La niña llora en la cuna y la madre le canta para consolarla. Tiene apenas tres meses de nacida y se llama Michelle, como la esposa de Barack Obama. Esta pequeña habanera, que todavía lacta y duerme la mayor parte del día, vino al mundo después del armisticio: es hija de la tregua entre los Gobiernos de Cuba y de Estados Unidos. Una criatura sin fobias ideológicas ni odios en su horizonte.
En los libros de historia que leerán los contemporáneos de Michelle, estos meses posteriores al 17 de diciembre de 2014 quedarán en unas pocas líneas. En esos resúmenes hechos a posteriori primará el tono optimista, como si toda la Isla, varada por décadas a un lado de la carretera, hubiera retomado desde ese momento el rumbo, puesto el pie en el acelerador y recuperado el tiempo perdido. Pero, para muchos, vivir la reconciliación es menos heroico y grandilocuente que protagonizar una batalla.
El proceso que los analistas compararán un día con la caída del muro de Berlín y quizás definan con nombres rimbombantes como el fin del telón de azúcar, la muerte de la Revolución o el momento en que estalló la paz, pierde ahora brillo, enfrentado a la desgastante cotidianidad. La tregua, eso sí, apaciguó el ruido de las consignas y ha permitido que se escuche el persistente zumbido de las carencias y de la falta de libertad.

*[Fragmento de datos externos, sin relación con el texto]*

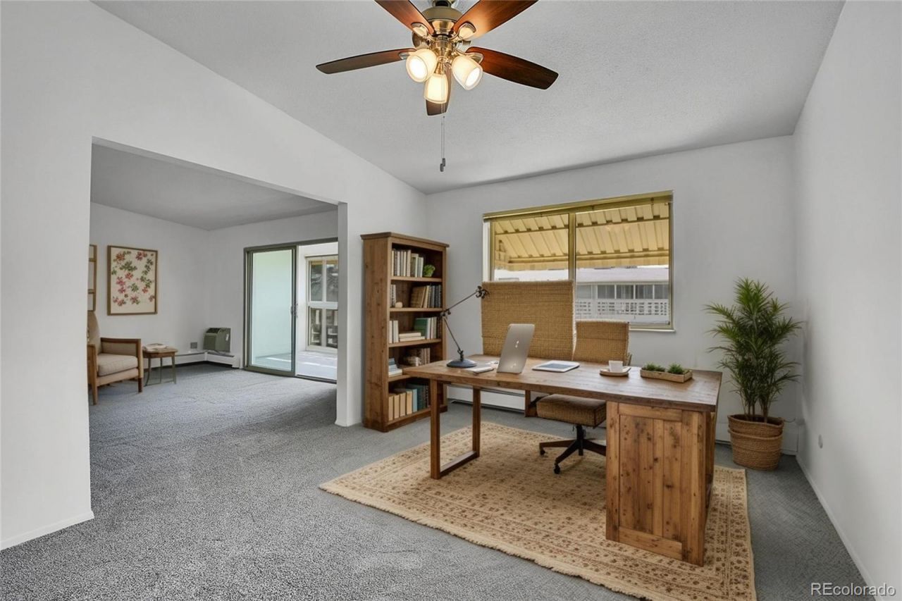 Welcome to 9655 E Center Avenue #9D, Denver, CO 80247, easy living in Windsor Gardens, Denvers premier 55+ community. This rare top-floor condo stands out with both a building elevator and a private underground parking garage, features not often found together, offering comfort, convenience, and peace of mind.Inside, youll find fresh paint, brand-new flooring, and a bright, open layout that makes downsizing feel like an upgrade. Sunlight fills the space, leading you to your private lanai where you can enjoy peaceful mountain views with your morning coffee or evening unwind.A unique highlight of this home is the flexible bonus space, perfect as an office, den, or hobby room, with the option to easily convert it back into a true, conforming bedroom if desired.Enjoy everyday comfort with ceiling fans in every room, air-conditioning units, a pantry, and generous storage throughout. Your secure, weather-protected garage space adds ease to daily living, while the elevator provides effortless access to the top floor.Windsor Gardens offers a vibrant, low-maintenance lifestyle with a well-managed HOA that includes access to a 9-hole golf course, indoor and outdoor pools, fitness center, library, woodworking shop, and a wide variety of classes, clubs, and social activities. Walk to nearby shops and restaurants and bring your furry companion along. The HOA includes the property tax! Move in now! We have a couple lenders that are offering a 1% rate buy down for one year to qualified buyers, please inquire!

Aquella jornada en que los presidentes de Cuba y de Estados Unidos anunciaron el comienzo de la normalización de relaciones ha quedado ubicada cual punto en el pasado. Será referencia para historiadores y analistas, pero significa poco para quienes se enfrentan a la decisión de pasar el resto de la vida a la espera de que "esto se arregle" u optar por la escapada hacia cualquier confín del mundo.